Drag the first and last frame images into the workflow, with the prompt “Girl puts down the book and walks to the window.”

Although both images show a girl in a library, the scenes are quite different. Let’s run it and see if FramePack can generate a complete video from the two images.

The results came back quickly. Due to the significant differences in the backgrounds of the two images, the video frames are not seamless. FramePack automatically transitioned between the two images.

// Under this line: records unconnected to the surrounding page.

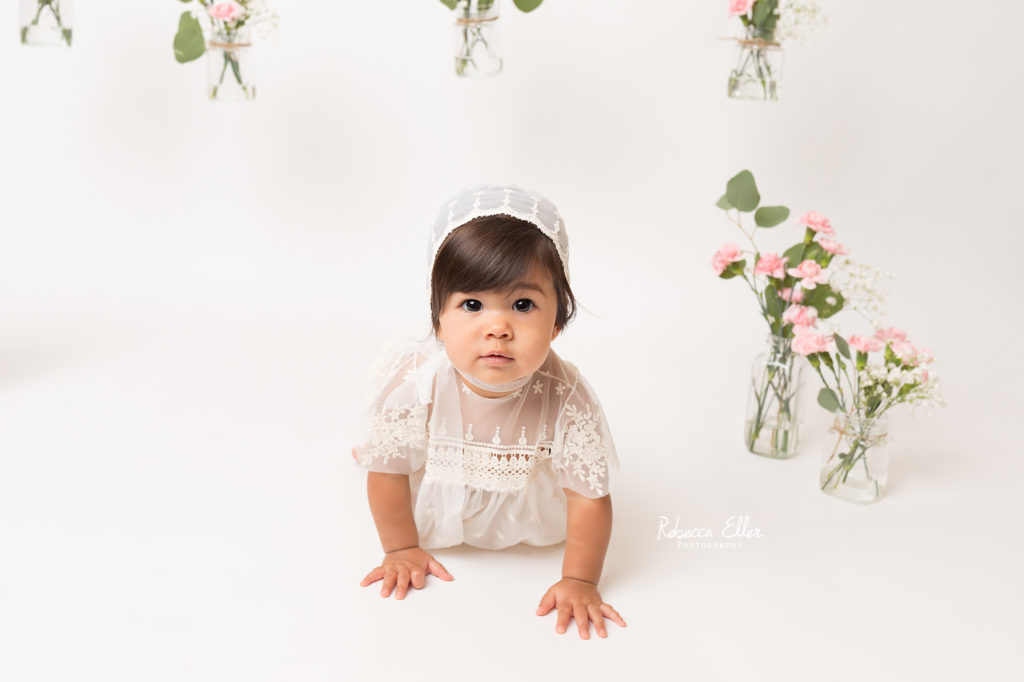 I’ve had the pleasure to photograph this beautiful baby girl when she was a newborn and 6 months old, and now I get to see her at one year old! I love seeing babies grow and see how much the same and different they look from a few months ago!
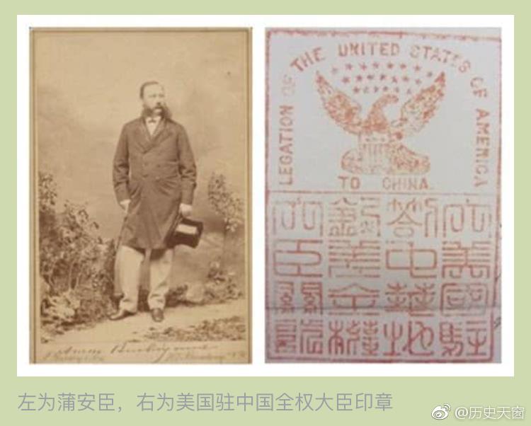 大清国第一支外交使团1868年2月25日,“龙抬头”的第二天,在原美国驻华公使蒲安臣(Anson Burlingame)的带领下,大清国第一支外交使团从上海虹口码头登船出发。蒲安臣,1861年被林肯任命为驻华公使,到北京后积极执行“合作政策”,与总理衙门大臣合作愉快。他还让丁韪良(W. A. P. Martin)翻译惠顿的国际法著作——《万国公法》给清政府使用,清政府用这部书获得了一些外交胜利,交情因此加深。1867年,蒲安臣任满即将回国。在奕为他举行的离别晚宴上,文祥提议他代表中国出访列强。蒲安臣自称以为这个提议只是句玩笑话。但是第二天蒲安臣就被告知清政府是认真的,请他展期离开。最后双方达成共识,清政府聘蒲安臣为“办理各国中外交涉事务大臣”。今人或许认为请一个外国人做主使是一件很丢脸的事情,为什么高傲的慈禧太后就同意了?事实上,总理衙门已经准备好了理由:“向来西洋各国,互相遣使驻扎,不尽本国之人,但使诚信相孚,原无分乎区域。”赫德带领斌椿等人游历欧洲成为这些大臣的举例。当然,即便关系如此,制约之法仍然必要。“凡于中国有损之事,令其力为争阻;凡于中国有益之事,令其不遽应允,必须知会臣衙门复准,方能照行。在彼无可擅之权,在我有可收之益。倘不能见效,即令辞归。”
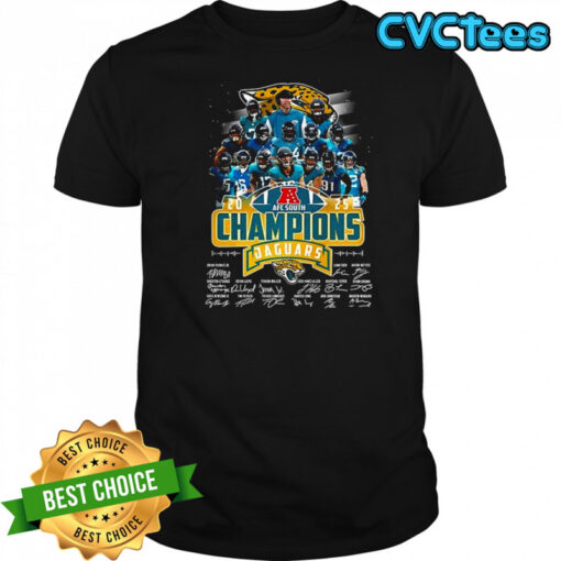 Jacksonville Jaguars AFC South 2025 Champions player college name and signature shirt, hoodie, sweater, longsleeve and ladies t-shirt
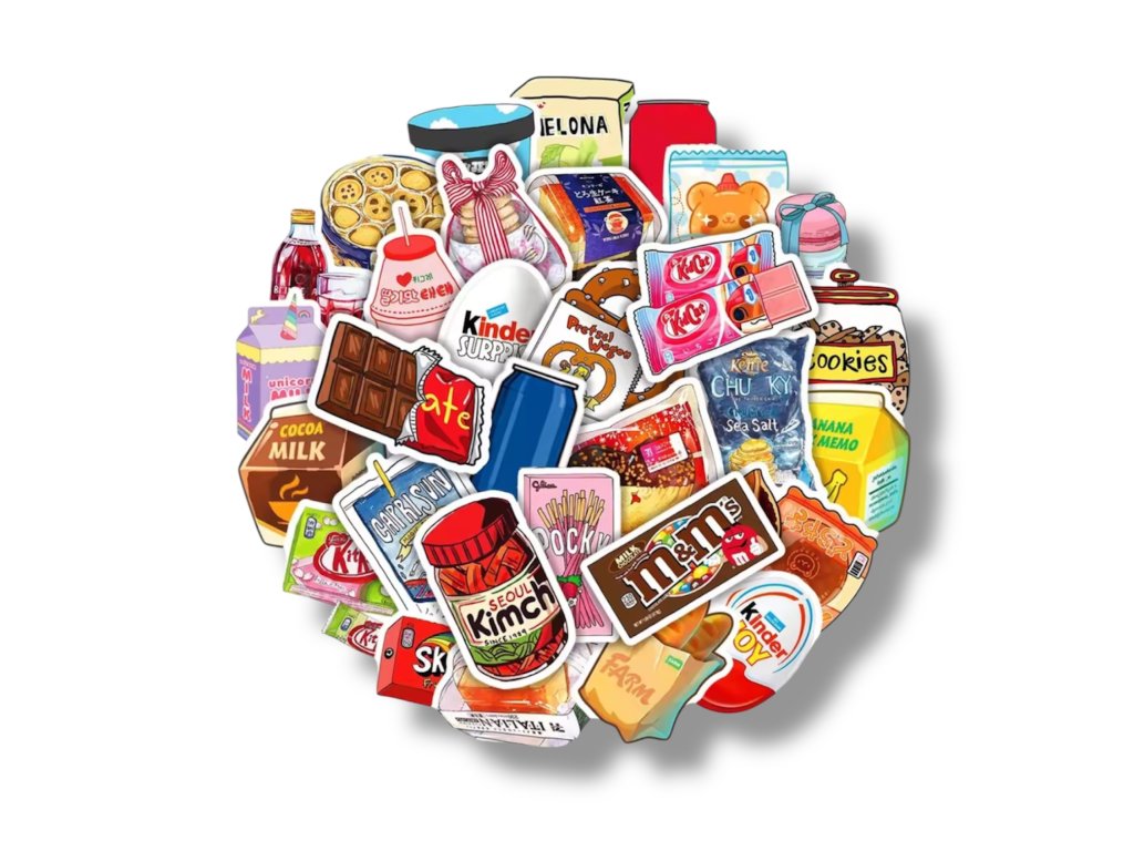 Každá samolepka v sobě nese chuť oblíbených ikon – Nutella, M&M’s, KitKat, Coca-Cola, Oreo, Haribo a další dobroty, které zná celý svět. 💕
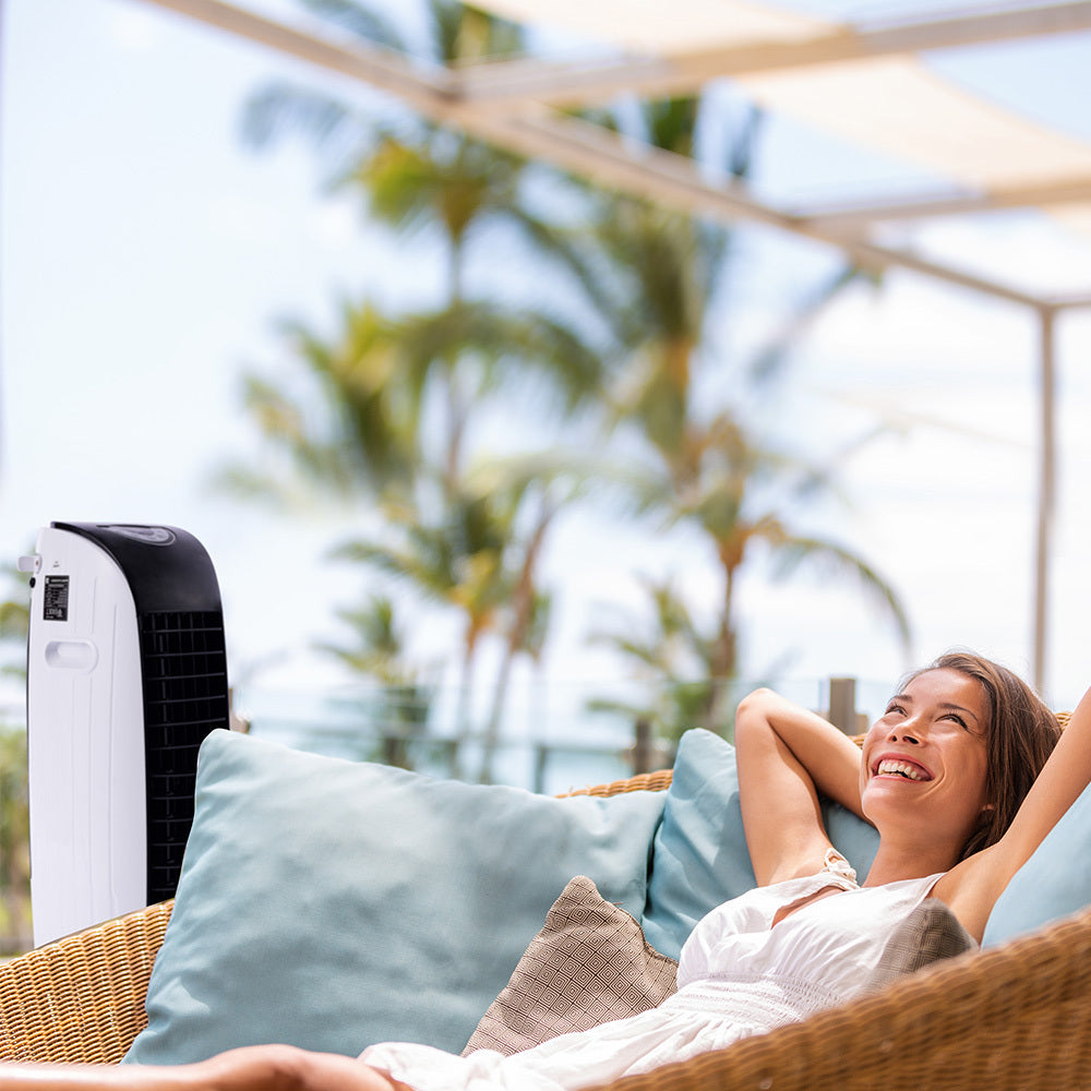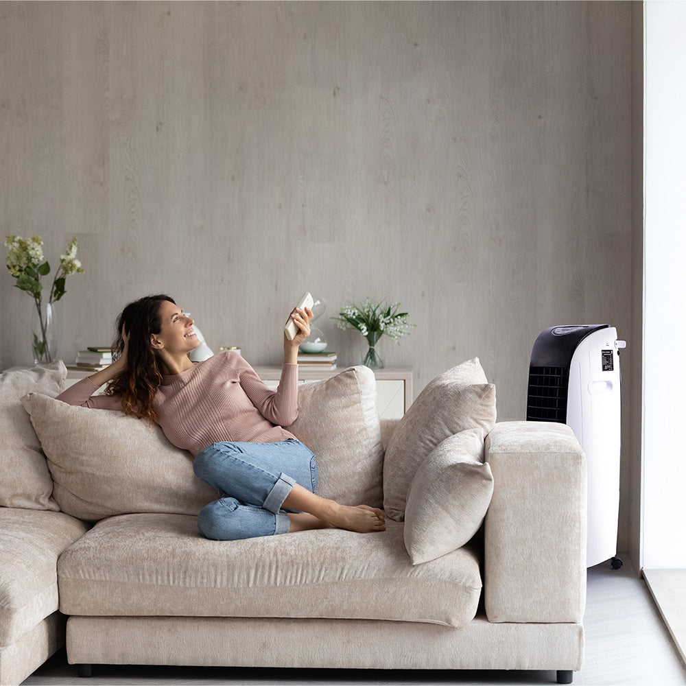 The evaporative cooling process produces cool air by cycling the water, which is up to 6 times more energy efficient than traditional air conditioners! As air is drawn through the filter it gets purified and freshened. You also have the flexibility to position it anywhere as it requires no window ventilation ducting.
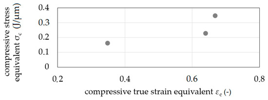 The increase of sample diameter was measured at five positions, and the mean value was calculated with Equation (1). The compressive stress equivalent σ′c was calculated for the performed compression with different compressive true strain equivalents ε′c calculated by ε′c = 2 ln(/ds) (Figure 10). The resulting curve is considered to be a compression flow curve equivalent.
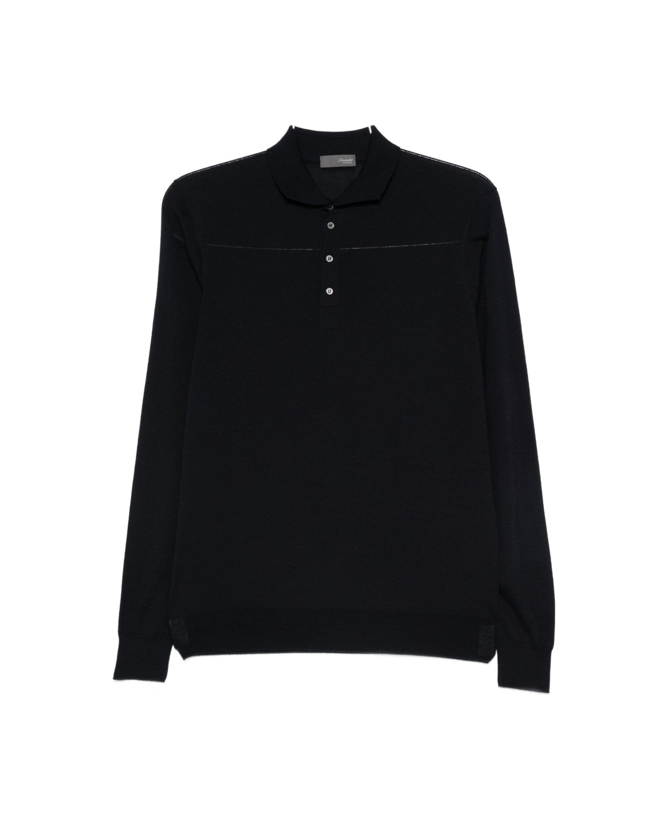 Drumohr Blue merino wool polo shirt with collar and front button closure, long sleeves
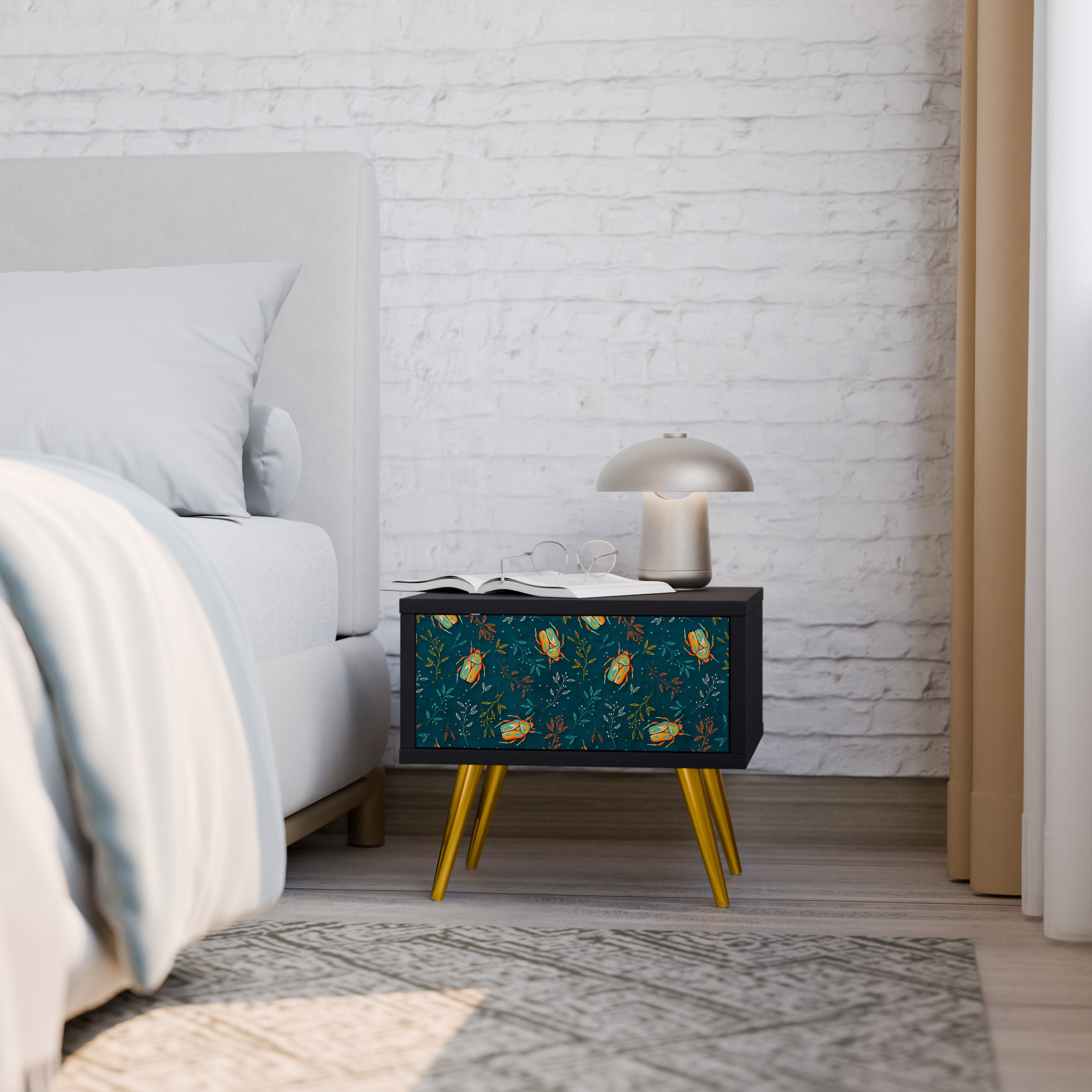 AUTUMN INSECTS Nightstand in Black Finish
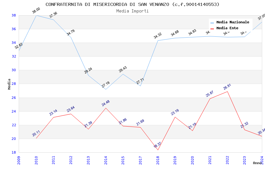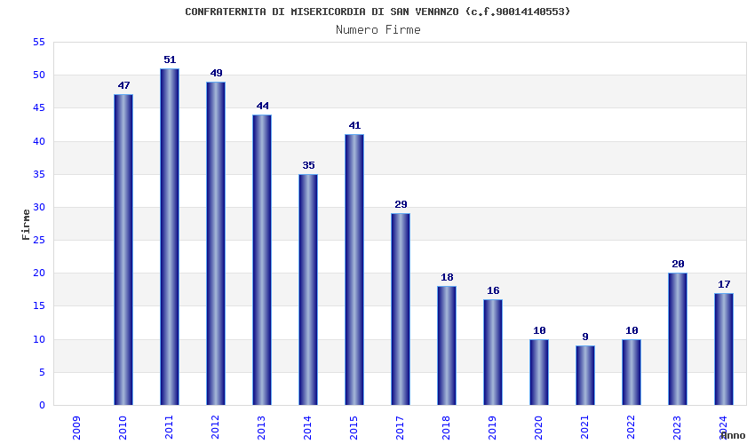 | Anno | Firme | Importi | Media | Naz. | Reg. | Prov. | Comu. |
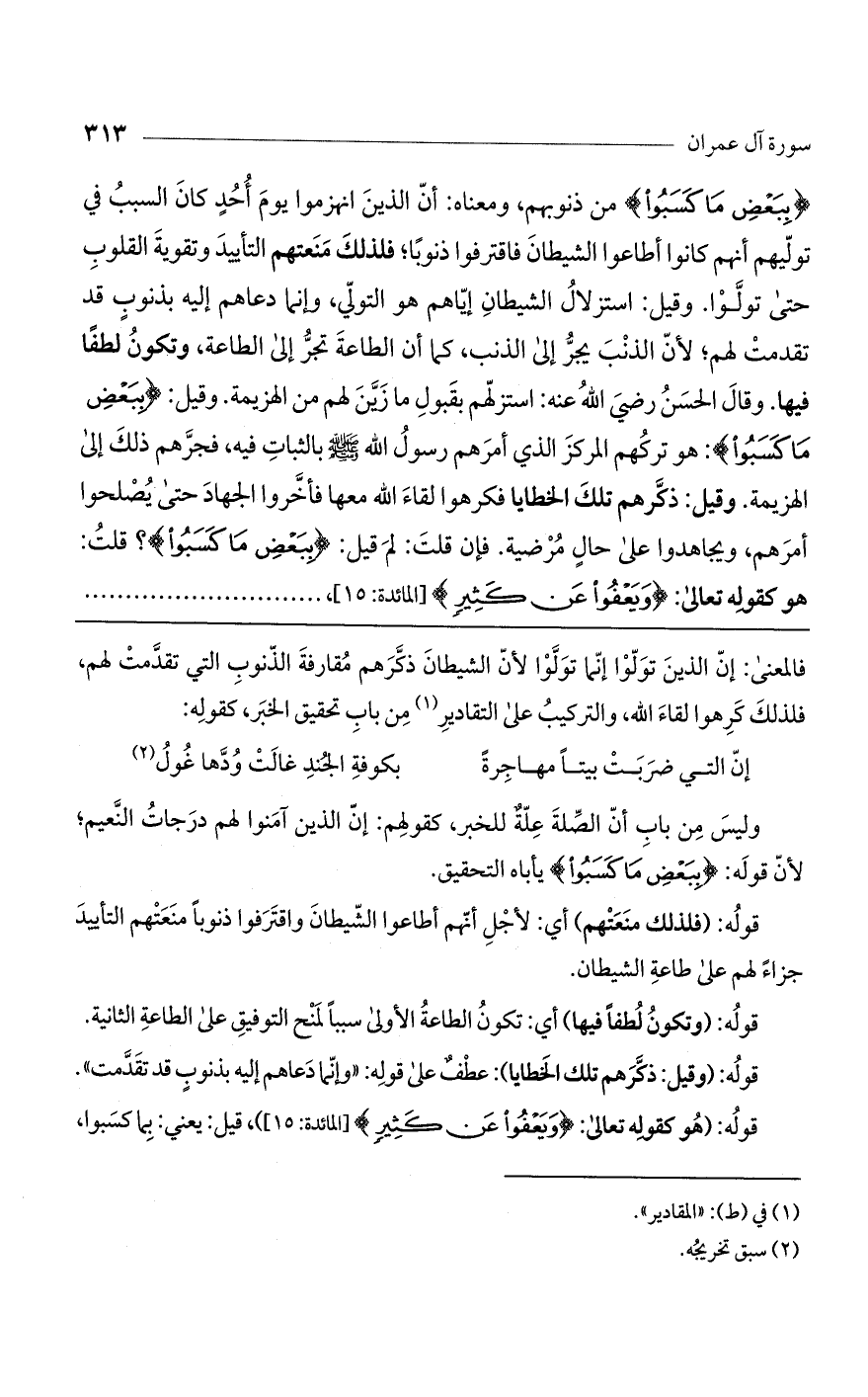 (بِبَعْضِ ما كَسَبُوا) من ذنوبهم، ومعناه: أنّ الذين انهزموا يوم أُحُدٍ كان السبب في توليهم أنهم كانوا أطاعوا الشيطان فاقترفوا ذنوبًا؛ فلذلك منعتهم التأييدَ وتقويةَ القلوبِ حتى تولَّوْا. وقيل: استزلالُ الشيطان إياهم هو التولّي، وإنما دعاهم إليه بذنوب قد تقدمت لهم؛ لأنّ الذنب يجرّ إلى الذنب، كما أن الطاعة تجر إلى الطاعة وتكون لطفاً فيها. وقال الحسنُ رضي اللَّهُ عنه: استزلّهم بقبول ما زيَّن لهم من الهزيمة. وقيل: (بِبَعْضِ ما كَسَبُوا): هو تركهم المركز الذي أمرهم رسول اللَّه صلى اللَّه عليه وسلم بالثبات فيه. فجرَّهم ذلك إلى الهزيمة.
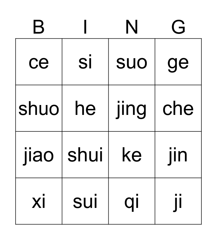 This bingo card has 16 words: xi, sui, suo, ge, shuo, si, ke, jin, ce, he, qi, che, jiao, shui, jing and ji.
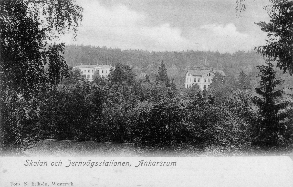 Vy från Ankarsrum. Till vänster syns en skolbyggnad, och till höger i bild skymtas Ankarsrum järnvägsstation.
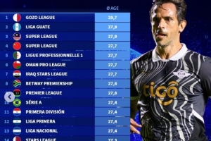 11、巴拉圭聯(lián)賽27.4歲
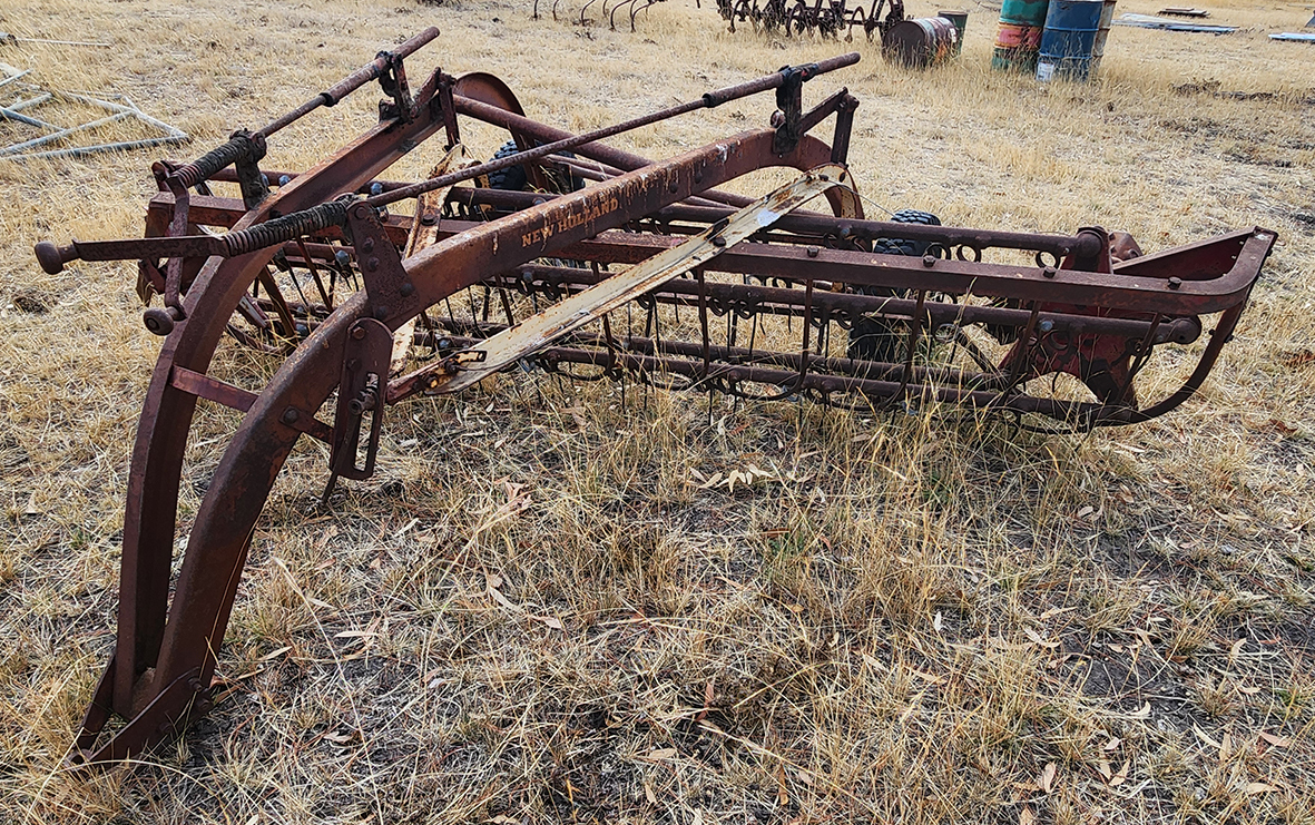 hay rake; DB Case 5ftx4ft slasher; NH H/Liner 68 baler; Massey Ferguson 532 3PL

I then changed the prompt to: “The girl puts down her book, leaves the desk, and walks to the window.” I emphasized the action of the girl leaving the desk and walking to the window. Since the scenes are quite different and there wasn’t enough time in the video, I increased the video duration to 10 seconds.

The final video still showed transitions between the two scenes.

Therefore, when creating start-end frame videos, it is best to use two images with the same background, such as the two images below. The prompt I provided was also simple: “Drinking coffee.”

The resulting video meets our expectations and the video process is much smoother and more natural. However, note that the backgrounds of the two images I provided are not completely identical, so the generated video has a slight frame jump effect. This is something to be mindful of when creating videos in the future.